**Data section:**
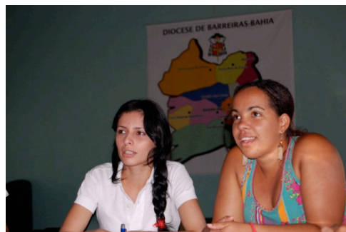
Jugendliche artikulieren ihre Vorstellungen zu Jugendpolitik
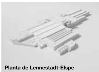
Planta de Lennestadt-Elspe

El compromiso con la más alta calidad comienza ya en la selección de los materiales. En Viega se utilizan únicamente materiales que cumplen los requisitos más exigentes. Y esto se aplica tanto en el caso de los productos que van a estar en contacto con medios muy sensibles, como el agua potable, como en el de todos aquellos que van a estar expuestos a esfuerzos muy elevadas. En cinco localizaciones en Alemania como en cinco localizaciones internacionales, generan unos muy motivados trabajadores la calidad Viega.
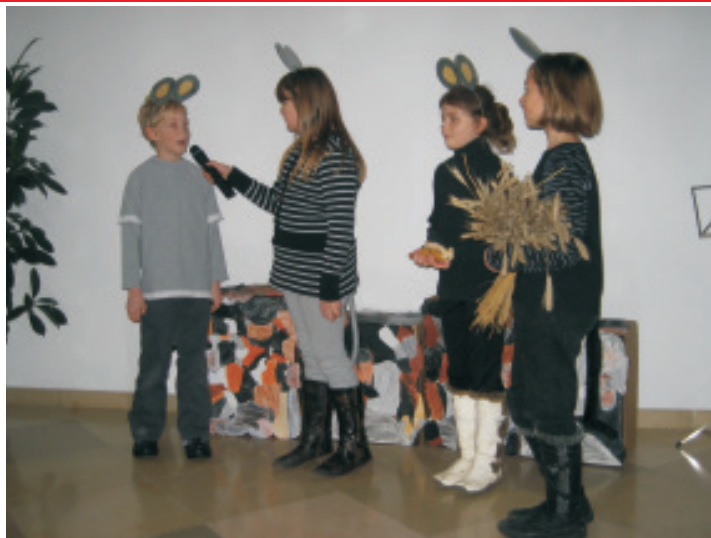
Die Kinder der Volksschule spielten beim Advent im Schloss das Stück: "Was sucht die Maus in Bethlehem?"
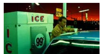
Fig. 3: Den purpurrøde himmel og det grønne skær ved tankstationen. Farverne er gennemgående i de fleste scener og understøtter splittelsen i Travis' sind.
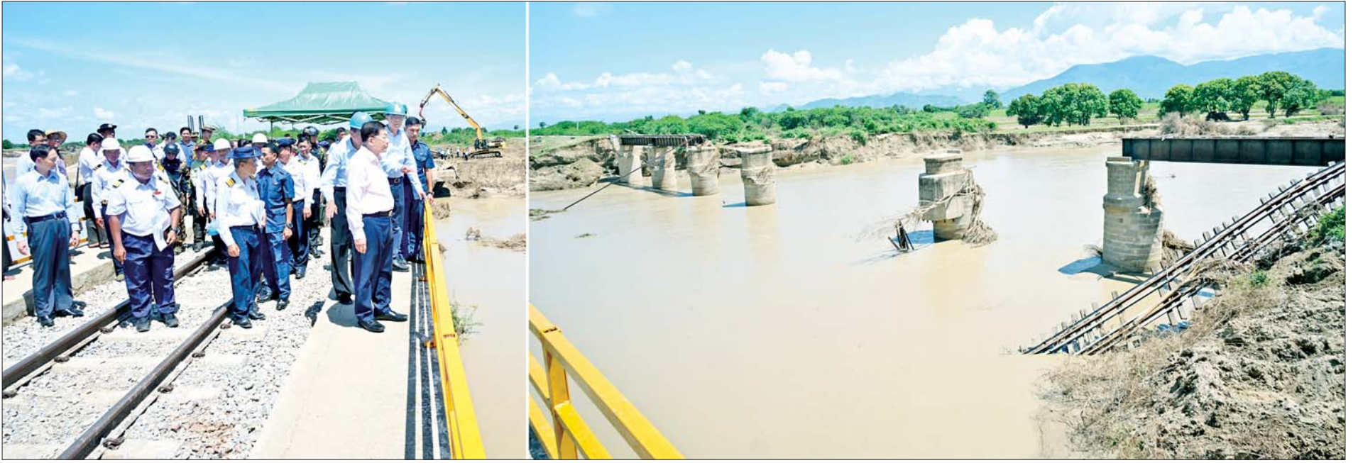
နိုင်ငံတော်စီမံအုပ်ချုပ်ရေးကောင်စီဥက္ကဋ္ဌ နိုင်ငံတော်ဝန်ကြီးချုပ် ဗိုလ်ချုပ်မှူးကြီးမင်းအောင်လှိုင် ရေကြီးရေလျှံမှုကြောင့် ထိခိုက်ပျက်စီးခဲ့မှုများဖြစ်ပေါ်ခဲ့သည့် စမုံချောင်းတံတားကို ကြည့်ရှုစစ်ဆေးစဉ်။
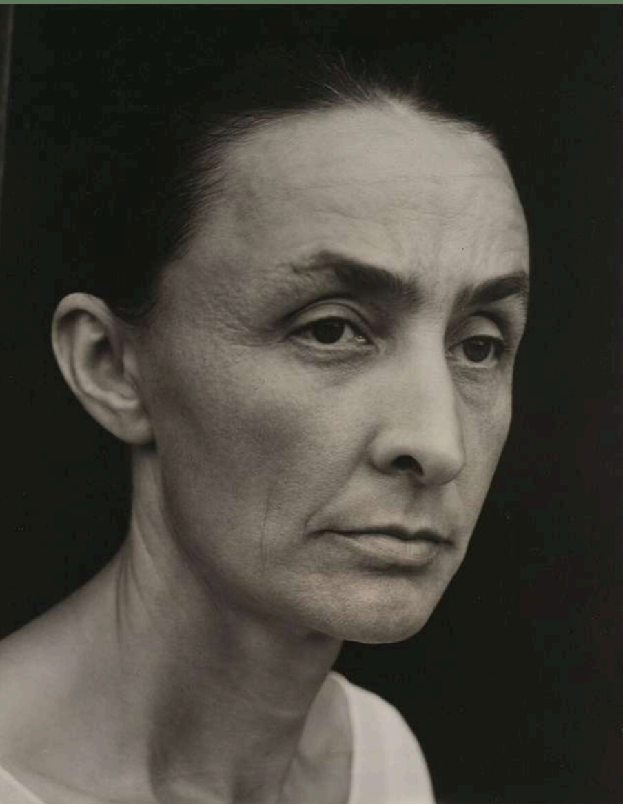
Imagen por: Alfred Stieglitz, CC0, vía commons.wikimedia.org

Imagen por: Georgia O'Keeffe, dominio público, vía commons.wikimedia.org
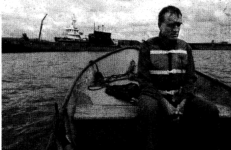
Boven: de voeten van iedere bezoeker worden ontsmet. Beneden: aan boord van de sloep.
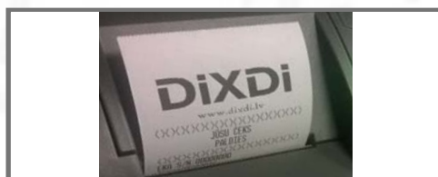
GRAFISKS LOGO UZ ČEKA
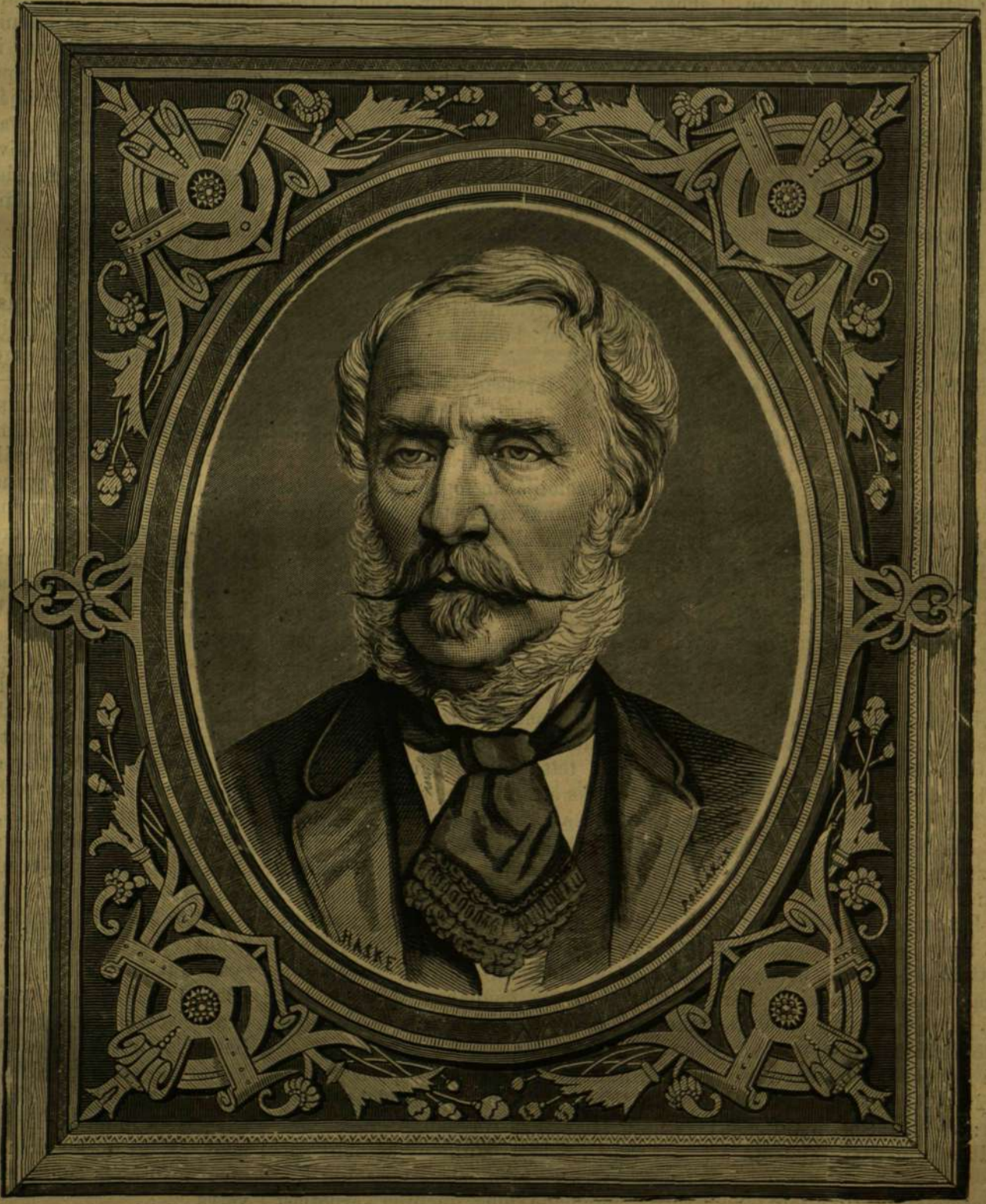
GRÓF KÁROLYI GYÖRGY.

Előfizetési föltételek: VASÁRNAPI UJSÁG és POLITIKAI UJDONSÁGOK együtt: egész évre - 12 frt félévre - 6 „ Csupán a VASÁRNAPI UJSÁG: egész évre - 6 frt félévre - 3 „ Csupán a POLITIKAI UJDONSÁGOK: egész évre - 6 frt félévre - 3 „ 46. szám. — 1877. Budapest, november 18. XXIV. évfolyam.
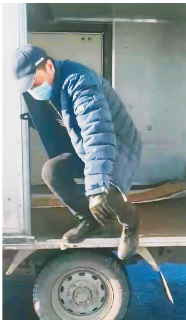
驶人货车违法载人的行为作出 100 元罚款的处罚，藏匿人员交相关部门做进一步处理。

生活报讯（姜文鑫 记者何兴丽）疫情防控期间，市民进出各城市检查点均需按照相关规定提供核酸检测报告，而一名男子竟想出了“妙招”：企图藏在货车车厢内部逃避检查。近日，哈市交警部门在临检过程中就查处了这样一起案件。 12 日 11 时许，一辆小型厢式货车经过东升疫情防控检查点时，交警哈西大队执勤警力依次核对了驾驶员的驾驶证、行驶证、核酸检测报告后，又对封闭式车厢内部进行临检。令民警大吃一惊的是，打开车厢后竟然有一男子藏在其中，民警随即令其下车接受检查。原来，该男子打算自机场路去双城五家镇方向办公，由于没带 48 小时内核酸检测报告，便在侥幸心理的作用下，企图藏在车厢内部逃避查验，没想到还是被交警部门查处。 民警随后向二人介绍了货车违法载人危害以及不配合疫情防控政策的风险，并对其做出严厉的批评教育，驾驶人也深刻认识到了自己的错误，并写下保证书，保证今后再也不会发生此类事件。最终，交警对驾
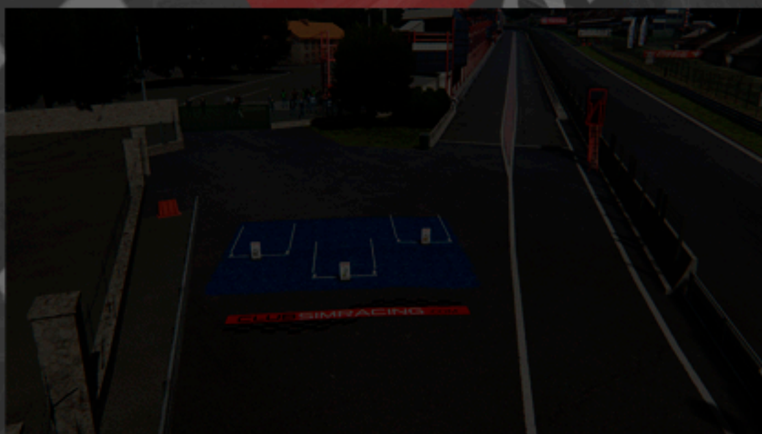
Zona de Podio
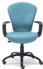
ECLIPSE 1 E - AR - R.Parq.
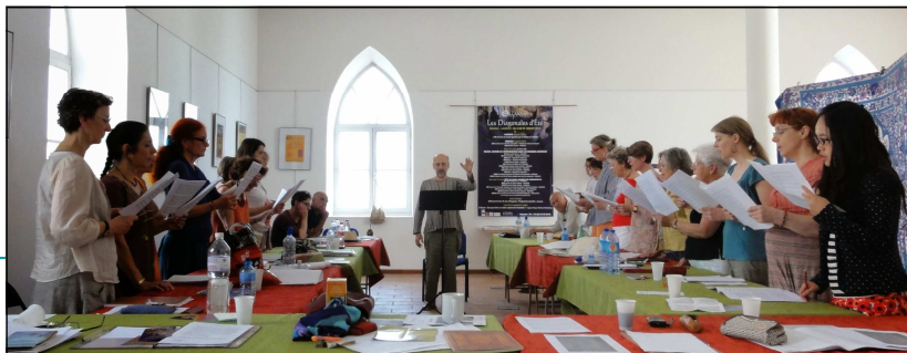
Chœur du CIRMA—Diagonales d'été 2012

**Assigned task:**
For the material above, give again only the lines starting at the line that contains "Imagen por: Alfred" and ending at the line that contains "GRAFISKS LOGO UZ ČEKA". Pictures do not belong in the copy.

**Answer to the exercise:**
Imagen por: Alfred Stieglitz, CC0, vía commons.wikimedia.org

Imagen por: Georgia O'Keeffe, dominio público, vía commons.wikimedia.org
Boven: de voeten van iedere bezoeker worden ontsmet. Beneden: aan boord van de sloep.
GRAFISKS LOGO UZ ČEKA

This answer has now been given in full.